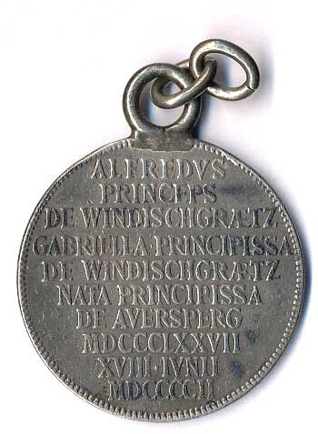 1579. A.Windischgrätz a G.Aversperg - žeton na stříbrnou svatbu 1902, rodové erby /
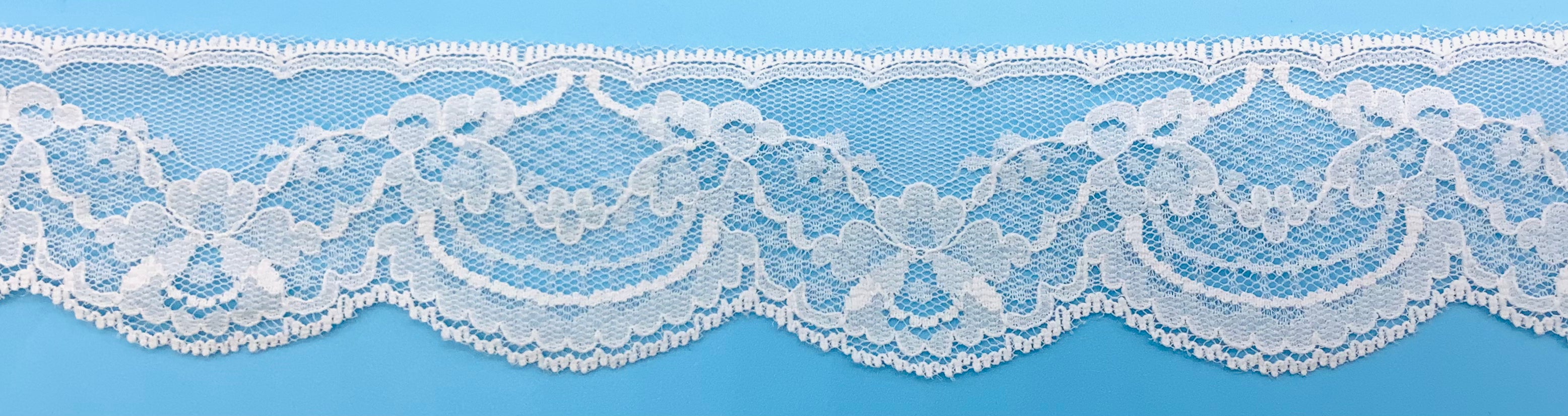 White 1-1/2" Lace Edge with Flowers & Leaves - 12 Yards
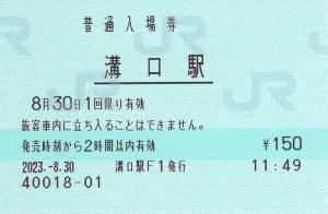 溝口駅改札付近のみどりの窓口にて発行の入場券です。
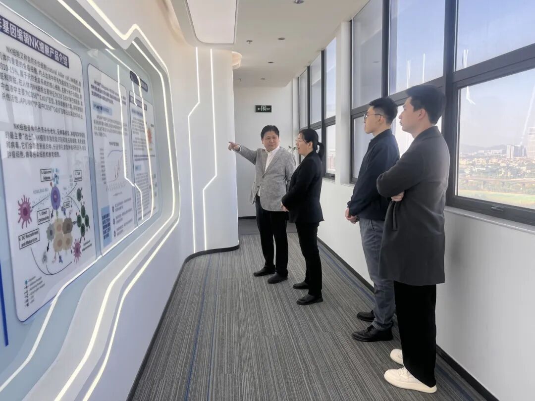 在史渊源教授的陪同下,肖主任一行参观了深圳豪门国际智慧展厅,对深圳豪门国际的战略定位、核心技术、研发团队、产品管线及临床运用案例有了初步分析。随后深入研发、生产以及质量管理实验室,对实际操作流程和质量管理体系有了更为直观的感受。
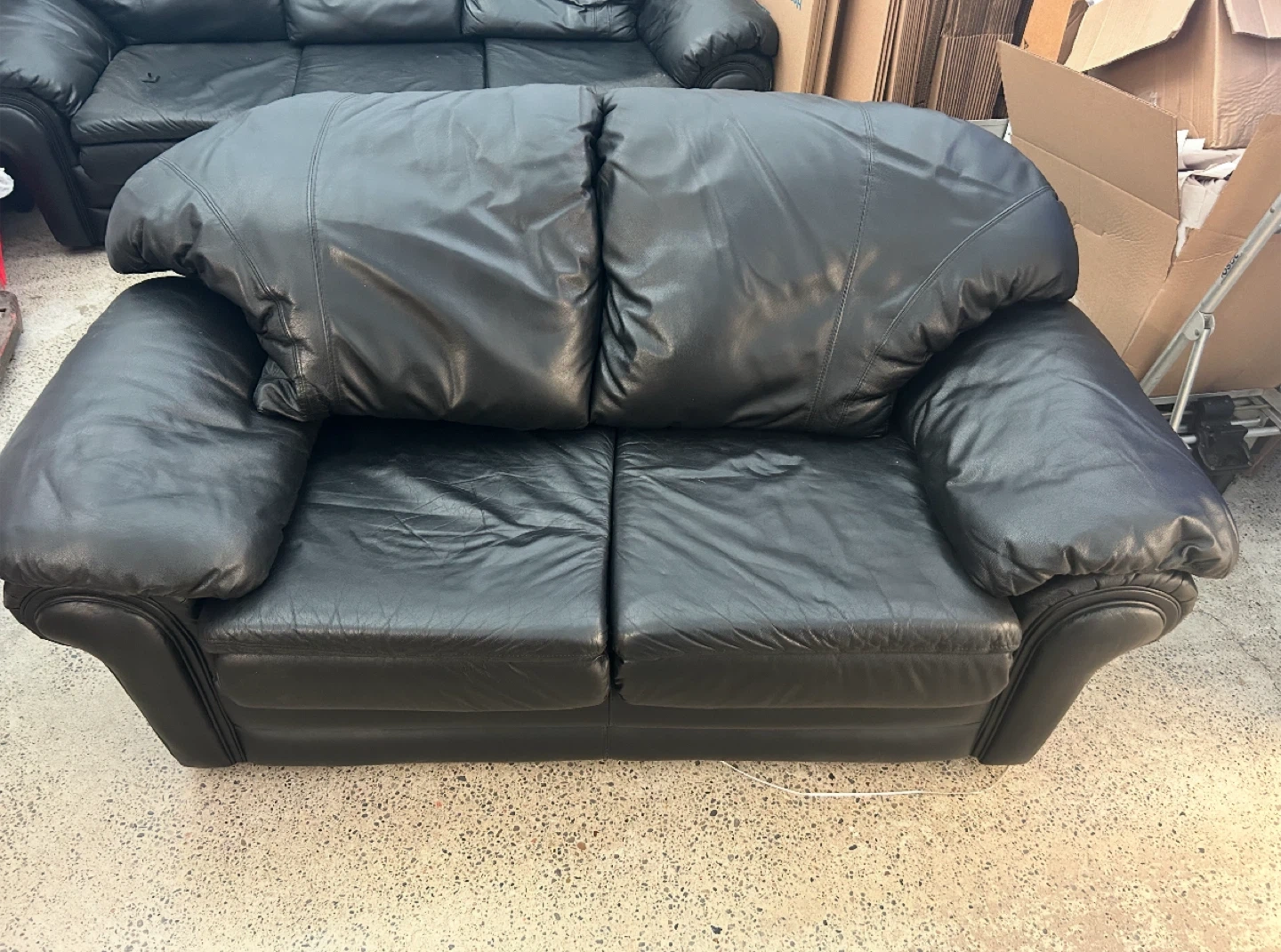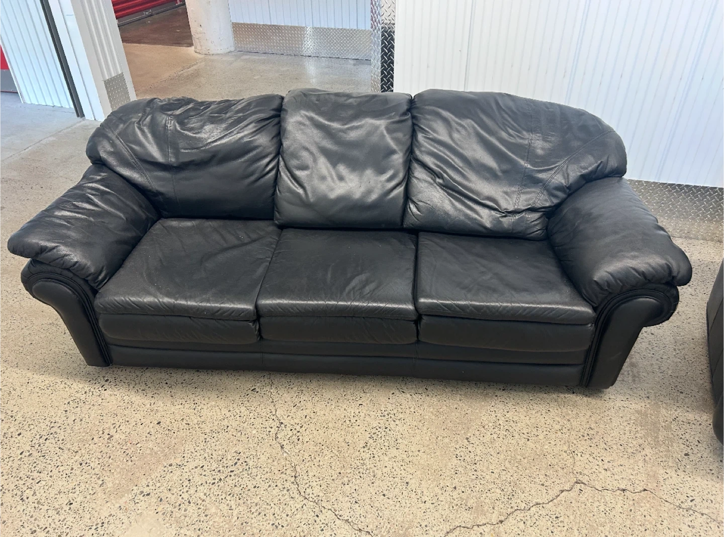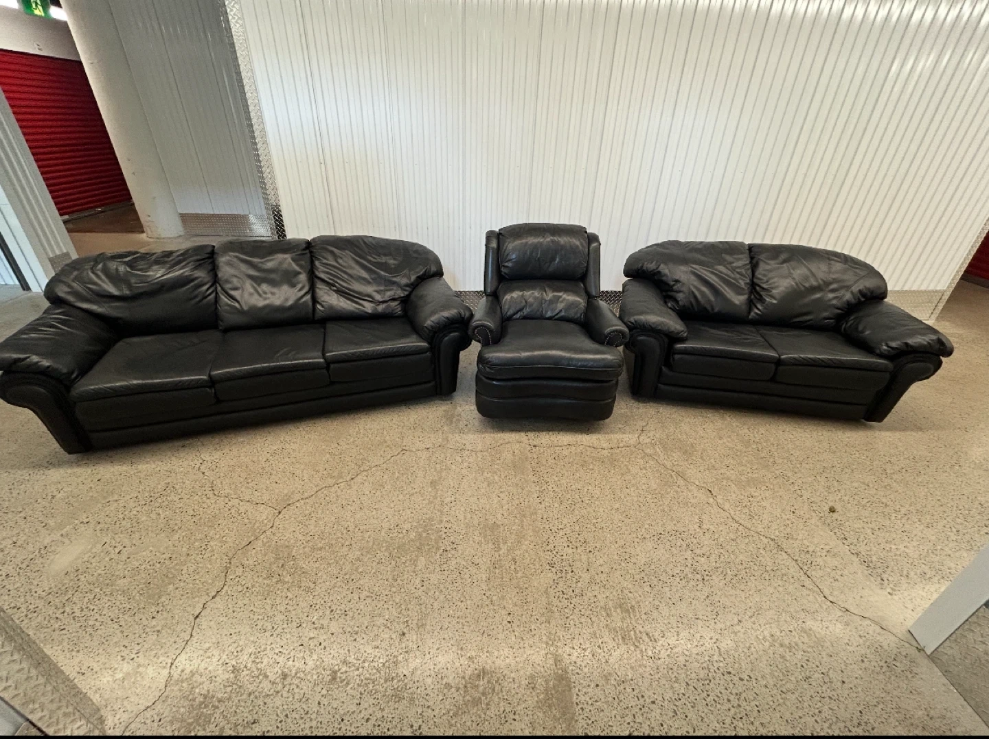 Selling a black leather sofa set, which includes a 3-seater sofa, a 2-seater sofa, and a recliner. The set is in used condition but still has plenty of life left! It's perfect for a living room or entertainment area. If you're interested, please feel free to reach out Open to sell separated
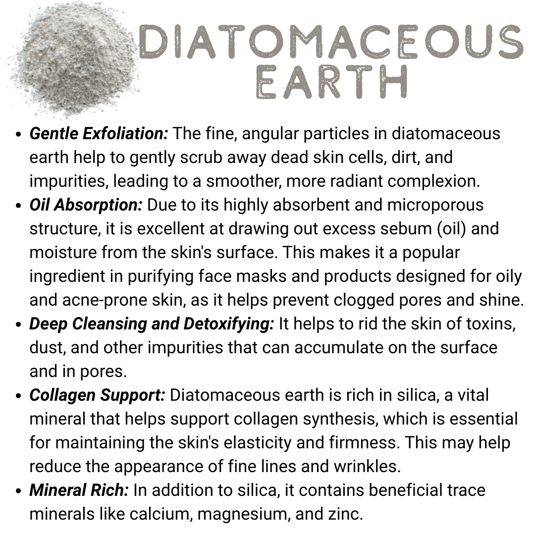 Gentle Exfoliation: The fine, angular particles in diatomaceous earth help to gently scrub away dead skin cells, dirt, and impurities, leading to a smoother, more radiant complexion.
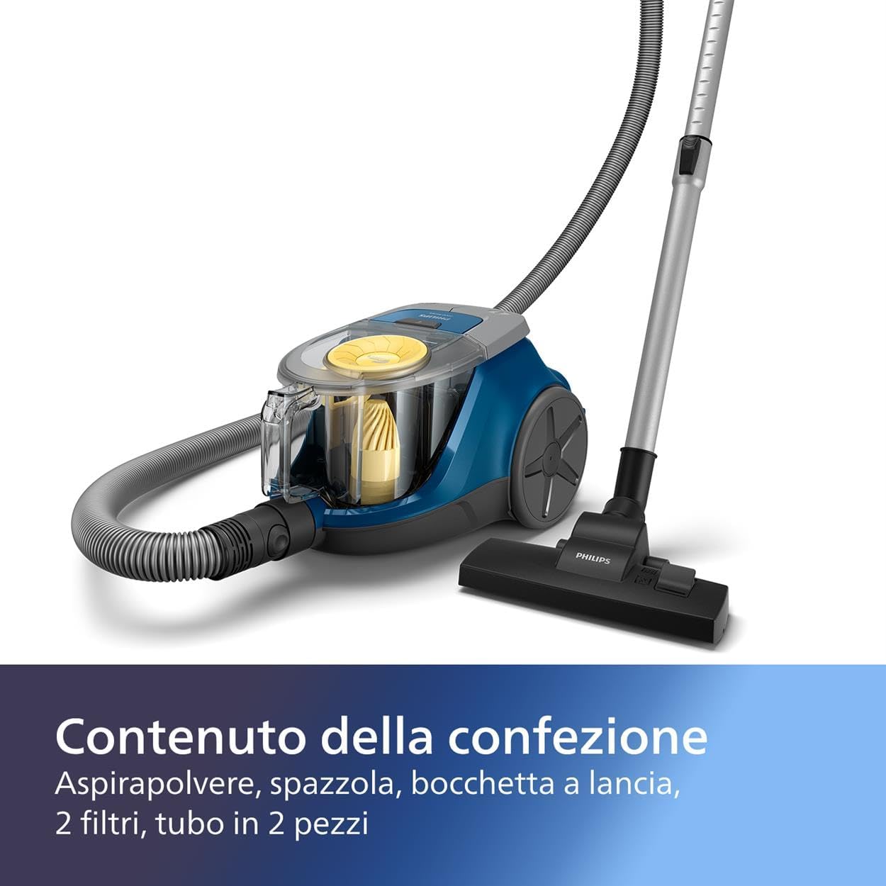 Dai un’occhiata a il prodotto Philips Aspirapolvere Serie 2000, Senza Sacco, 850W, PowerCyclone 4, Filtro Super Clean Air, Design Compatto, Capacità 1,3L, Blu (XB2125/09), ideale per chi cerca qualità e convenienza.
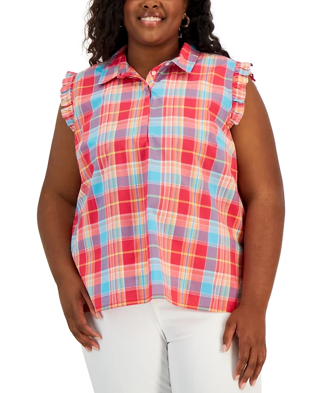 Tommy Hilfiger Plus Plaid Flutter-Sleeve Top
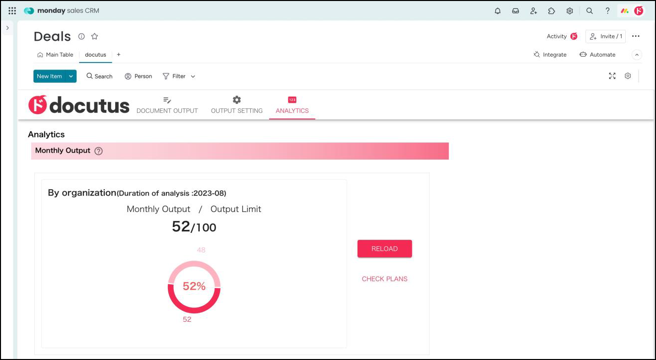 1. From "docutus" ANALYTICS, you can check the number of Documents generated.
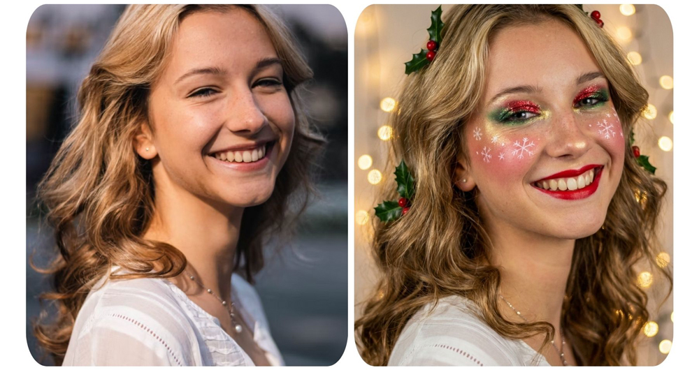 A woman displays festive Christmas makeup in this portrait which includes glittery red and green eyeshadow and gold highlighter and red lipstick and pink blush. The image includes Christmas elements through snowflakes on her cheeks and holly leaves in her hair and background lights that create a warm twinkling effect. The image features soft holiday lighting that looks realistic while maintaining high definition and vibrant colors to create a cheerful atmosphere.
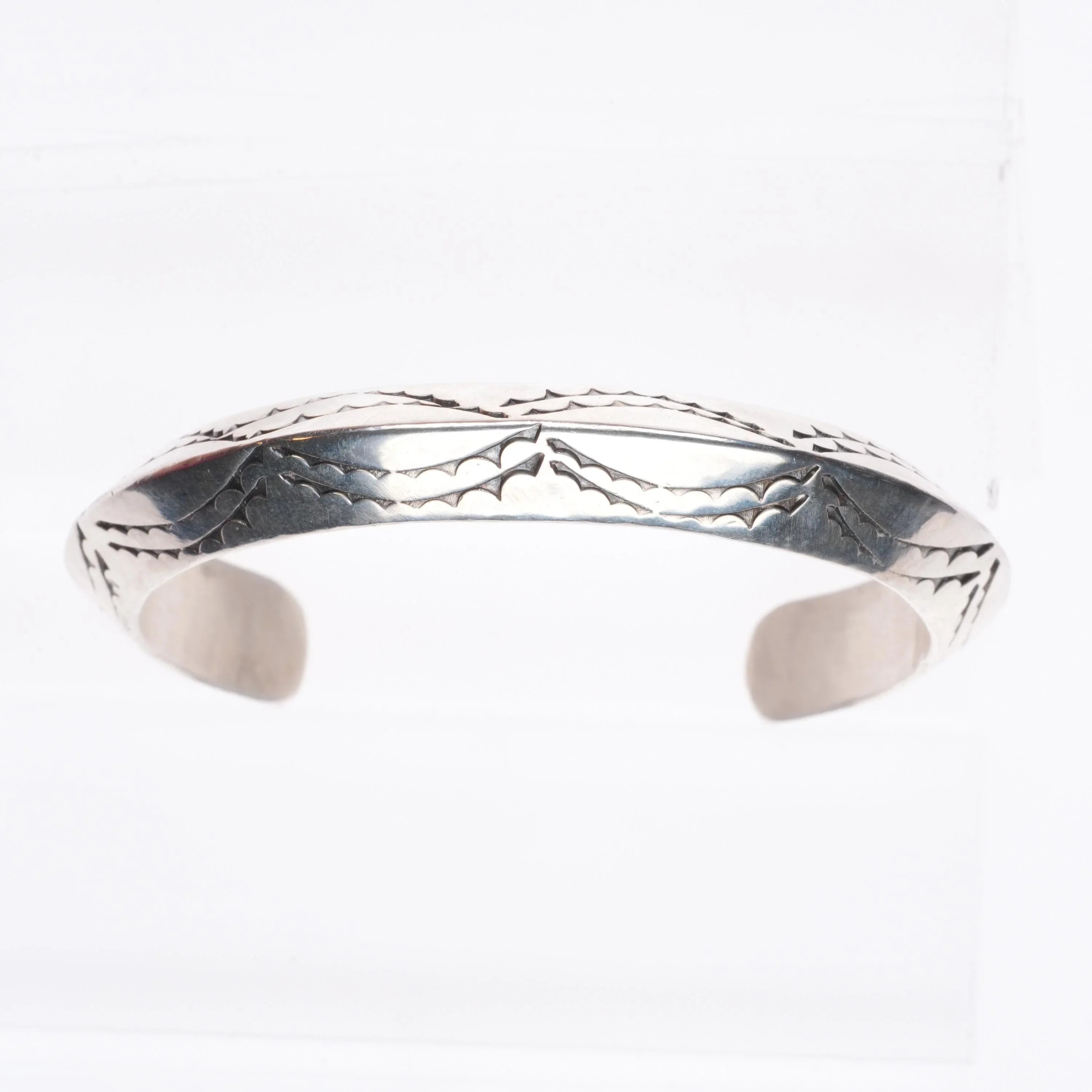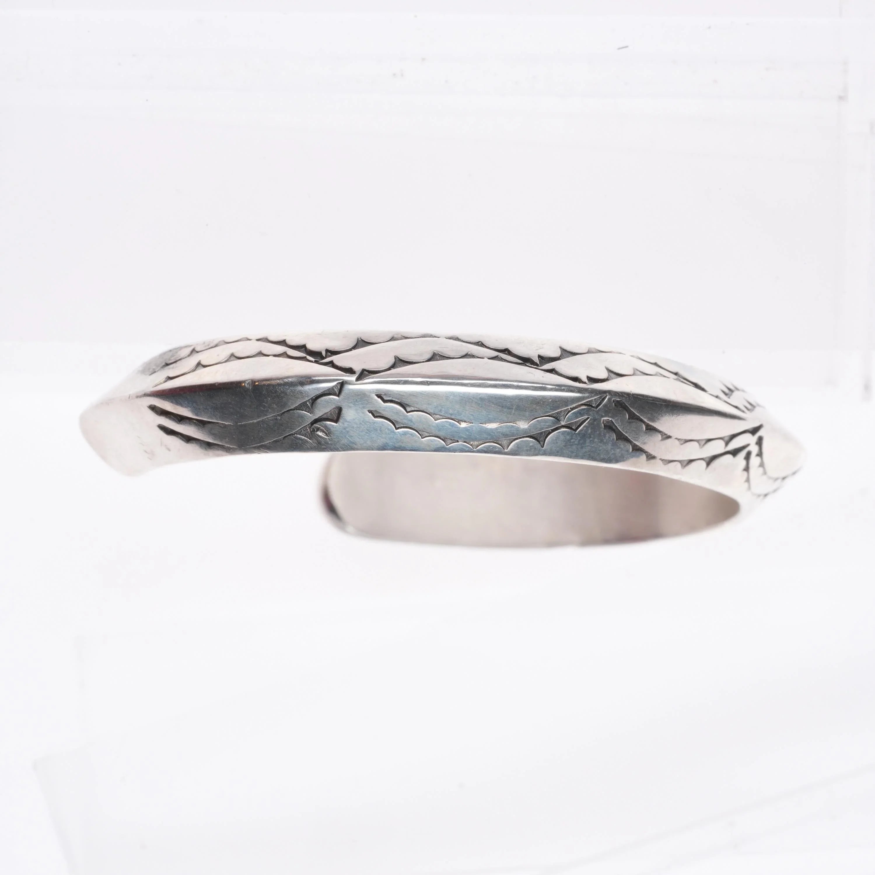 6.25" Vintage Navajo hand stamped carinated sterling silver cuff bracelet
== == ==
Apart from the images, reproduce the listing exactly as it appears.

 1579. A.Windischgrätz a G.Aversperg - žeton na stříbrnou svatbu 1902, rodové erby /
 White 1-1/2" Lace Edge with Flowers & Leaves - 12 Yards
 溝口駅改札付近のみどりの窓口にて発行の入場券です。
 在史渊源教授的陪同下,肖主任一行参观了深圳豪门国际智慧展厅,对深圳豪门国际的战略定位、核心技术、研发团队、产品管线及临床运用案例有了初步分析。随后深入研发、生产以及质量管理实验室,对实际操作流程和质量管理体系有了更为直观的感受。
 Selling a black leather sofa set, which includes a 3-seater sofa, a 2-seater sofa, and a recliner. The set is in used condition but still has plenty of life left! It's perfect for a living room or entertainment area. If you're interested, please feel free to reach out Open to sell separated
 Gentle Exfoliation: The fine, angular particles in diatomaceous earth help to gently scrub away dead skin cells, dirt, and impurities, leading to a smoother, more radiant complexion.
 Dai un’occhiata a il prodotto Philips Aspirapolvere Serie 2000, Senza Sacco, 850W, PowerCyclone 4, Filtro Super Clean Air, Design Compatto, Capacità 1,3L, Blu (XB2125/09), ideale per chi cerca qualità e convenienza.
 Tommy Hilfiger Plus Plaid Flutter-Sleeve Top
 1. From "docutus" ANALYTICS, you can check the number of Documents generated.
 A woman displays festive Christmas makeup in this portrait which includes glittery red and green eyeshadow and gold highlighter and red lipstick and pink blush. The image includes Christmas elements through snowflakes on her cheeks and holly leaves in her hair and background lights that create a warm twinkling effect. The image features soft holiday lighting that looks realistic while maintaining high definition and vibrant colors to create a cheerful atmosphere.
 6.25" Vintage Navajo hand stamped carinated sterling silver cuff bracelet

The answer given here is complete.